[Items listed in a dataset]
*** Begin section ***

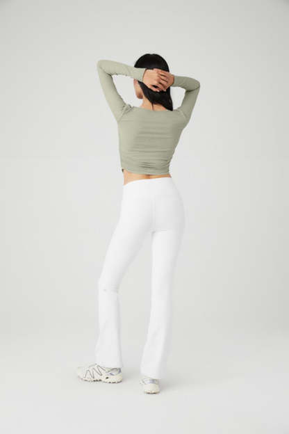 You’ll reach for this top for everything from casual outings to gentle cat-cows. It’s so soft it’s almost silky, slightly sheer and subtly ribbed for extra style points. Fitwise, it hugs the body with a flattering crewneck, a cropped hem and cute, ruched sides. Pick a hue and pair it with leggings and lounge pants galore.
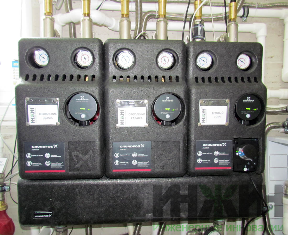 - Монтаж распределительного коллектора котельной Grundfos HEATMIX со встроенным гидроразделителем;
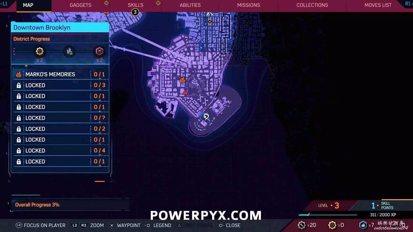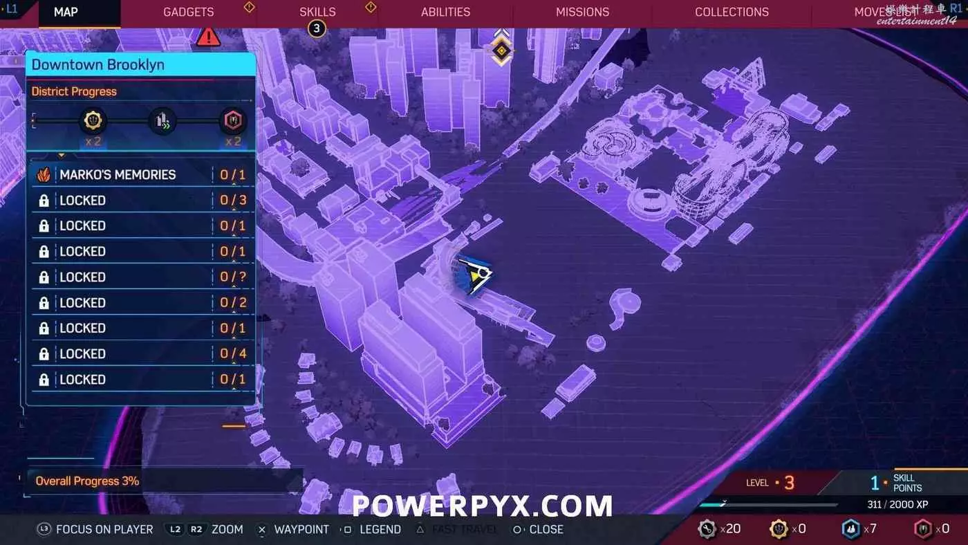 除了蜘蛛機器人沒有標記之外,所有收集品都會在清除地圖迷霧時標記在地圖上,一旦達到區域2級,地圖迷霧就會全部清除。
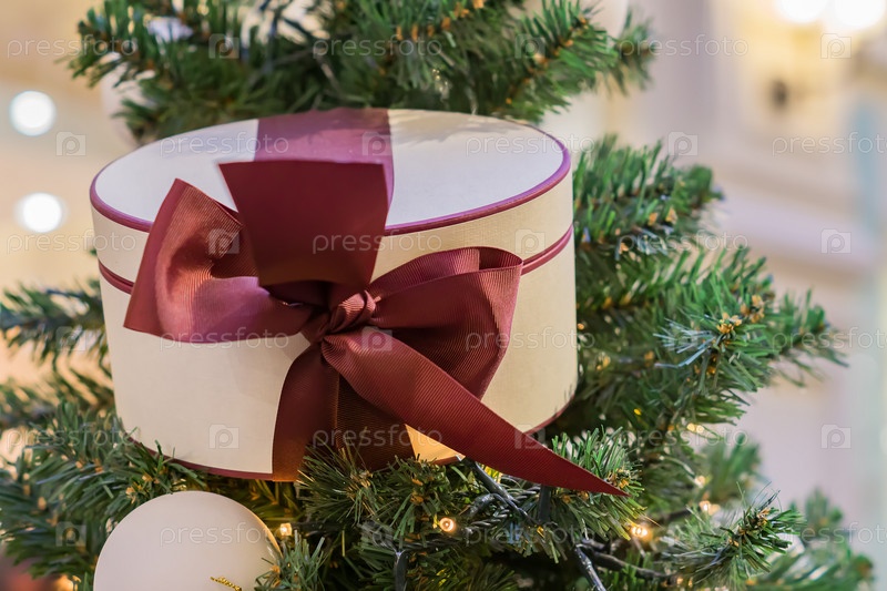 Рождественские и новогодние праздники фон. Рождественская елка с гирляндой и подарочной коробкой с бантом
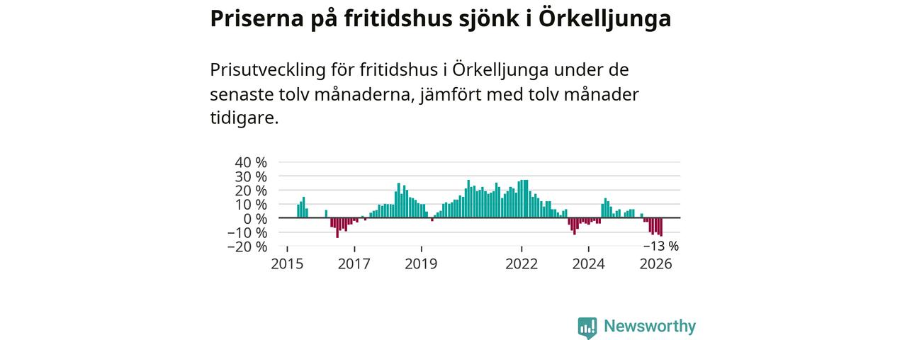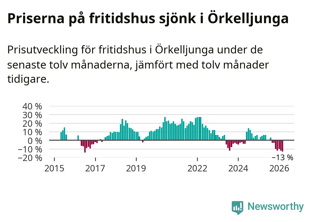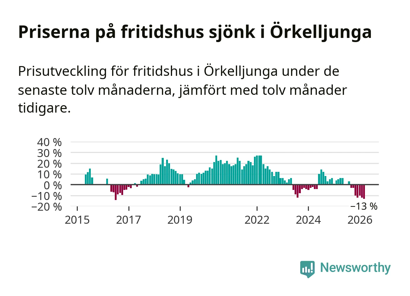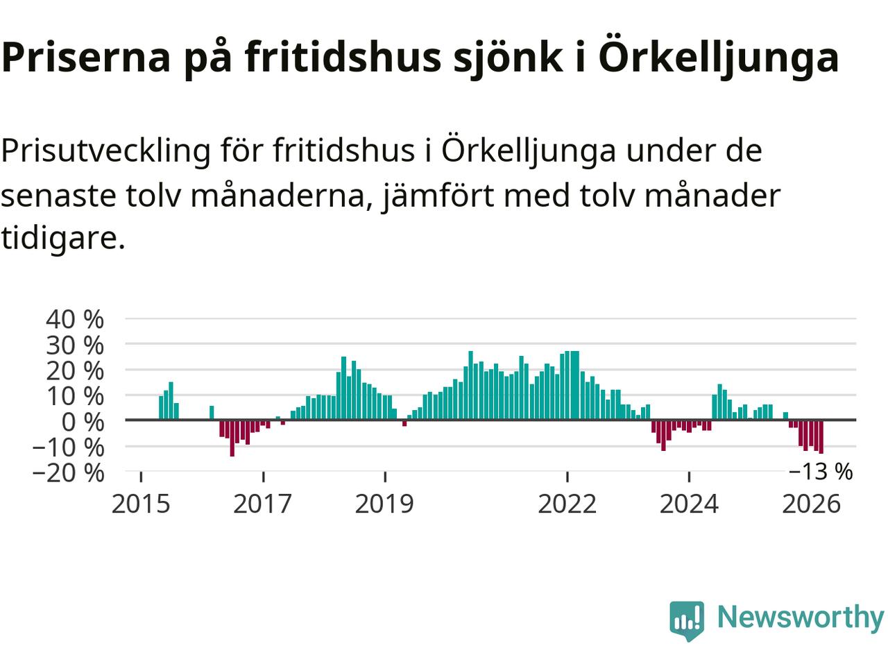 Priserna på fritidshus har gått ner i Örkelljunga kommun. Medelpriset på försäljningarna under de senaste tolv månaderna visar på en nedgång med 13 procent.

*** End section ***

→ **What the exercise asks**: Transcribe the records in full and exactly. Pictures stay out.

→ **Completed task**:
 You’ll reach for this top for everything from casual outings to gentle cat-cows. It’s so soft it’s almost silky, slightly sheer and subtly ribbed for extra style points. Fitwise, it hugs the body with a flattering crewneck, a cropped hem and cute, ruched sides. Pick a hue and pair it with leggings and lounge pants galore.
 - Монтаж распределительного коллектора котельной Grundfos HEATMIX со встроенным гидроразделителем;
 除了蜘蛛機器人沒有標記之外,所有收集品都會在清除地圖迷霧時標記在地圖上,一旦達到區域2級,地圖迷霧就會全部清除。
 Рождественские и новогодние праздники фон. Рождественская елка с гирляндой и подарочной коробкой с бантом
 Priserna på fritidshus har gått ner i Örkelljunga kommun. Medelpriset på försäljningarna under de senaste tolv månaderna visar på en nedgång med 13 procent.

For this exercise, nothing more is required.